5.2.2 Derrida and Ferdinand de Saussure

    Another important place to approach Derrida’s works is Ferdinand de Saussure’s (1857-1913) Course in General Linguistics. Saussure made an influential distinction between the signifier (the sound image of a word) and signified ( or the concept or meaning) and that the relationship between them is arbitrary, that is, there is no inner relationship,  say between the word ‘ sister’ and the person it signifies. The relation between the signifier and the signified is merely conventional and that convention can be considered as a ‘code’, which combines the signifier and the signified to make, the linguistic sign. It also implies that the signifier does not naturally lead to the entities in the world beyond the linguistic system but stays within it by pointing to other signifier. Derrida notes that the signifier does lead to some universal and stable entity or fixed and universal meaning (transcendental signified) but only to another signifier- just as what we consider as what we consider as ‘meaning’ in the dictionary are actually other words which have meanings of their own. As Derrida demonstrates the arbitrariness of the sign results in indefinite ‘deferral’ or postponement or the delay of reaching this ‘ultimate and absolute’ meaning beyond language. It is in this context one has to see his famous statements which appears in an essay on Rousseau in his book Of Grammatology (1967) that "there is nothing outside the text" (il n'y a pas de hors-texte).
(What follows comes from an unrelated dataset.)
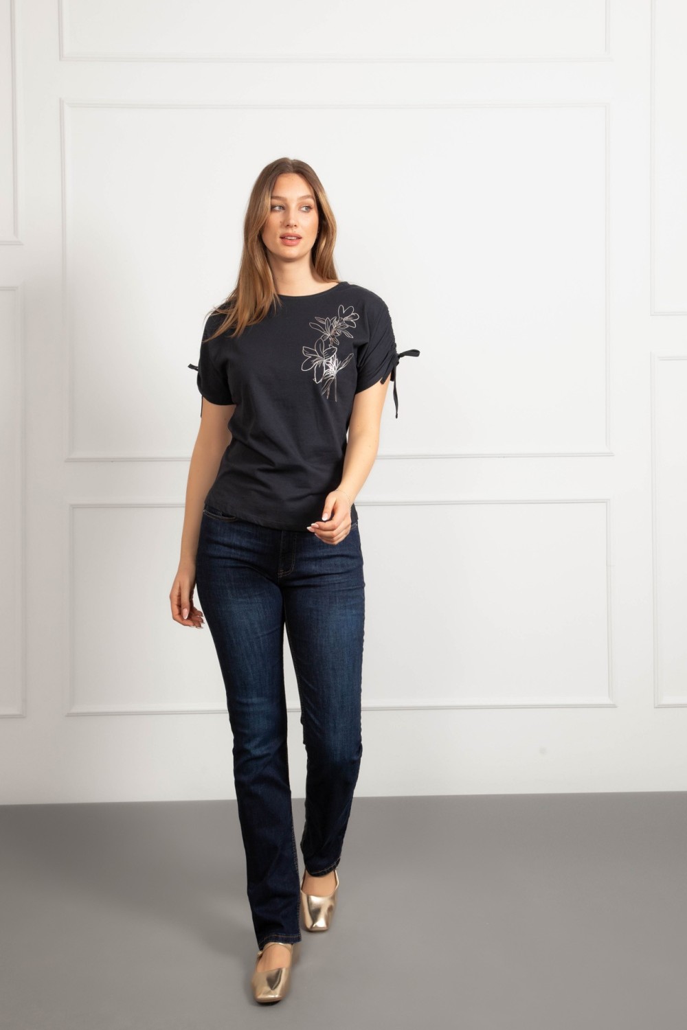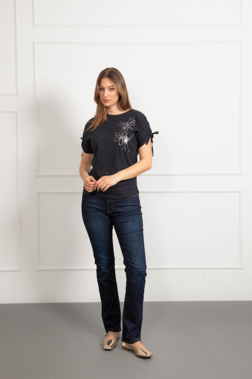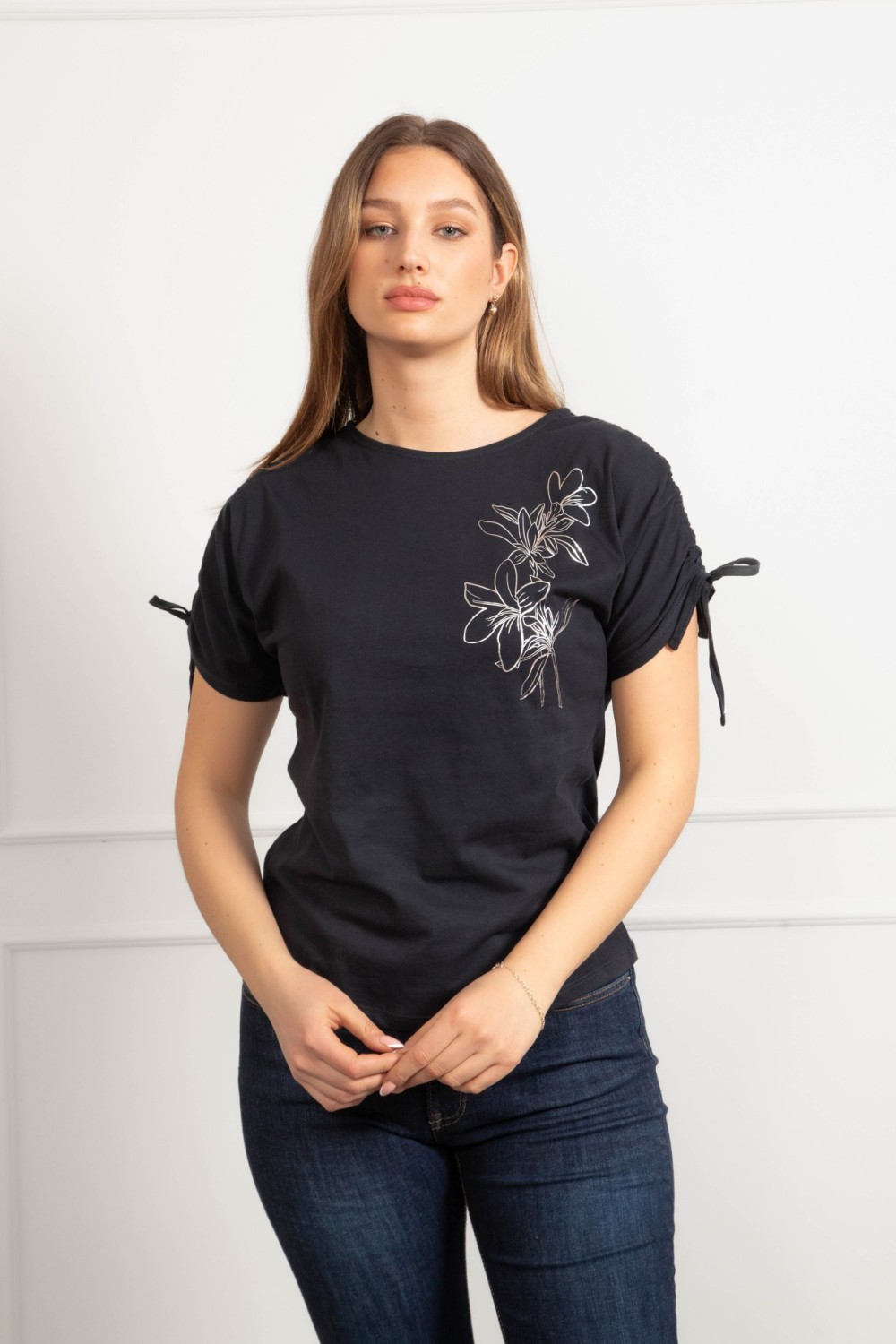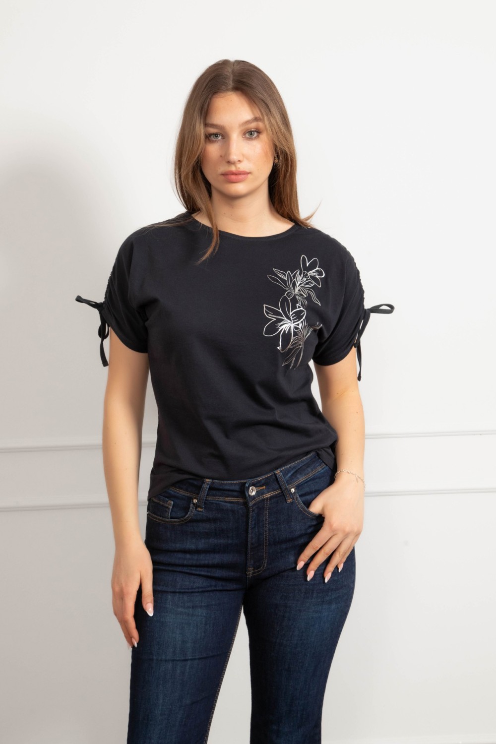 Majica kratkih rukava u tamno plavoj boji s dekorativnim aplikacijama i natpisom koji daje upečatljivu notu. Poseban detalj je vezanje na leđima koje majici daje zanimljiv i ženstven izgled,..

    Another important point that Saussure makes is that ‘in language there are only differences without positive terms”, that is, we can recognize and understand one linguistic item – say the phoneme ‘p- only by contrasting it with everything that is ‘not-p’. Saussure goes on to say, “The entire mechanism of language, with which we shall be concerned later, is based on oppositions of this kind (e.g. between the word ‘father’ and ‘mother’) and on the phonic and conceptual differences that they imply.” Derrida shows that the same applies to the language of philosophy and the entire mechanism of this language is based on binary oppositions like ‘light’ vs. ‘dark’,  ‘ male’ vs. ‘female’, ‘good’ vs. ‘bad’, ‘speech’ vs. ‘writing’ ,‘nature’ vs. culture’ and so on. However, Derrida points out that these oppositions are not equal but hierarchic where the second term is considered either derivative or inferior to the first, the privileged one. What allows this inequality and hierarchy, according to Derrida is the tendency in the western thought to privilege ‘presence’ over ‘absence’, which Heidegger had termed as ‘metaphysics of presence’.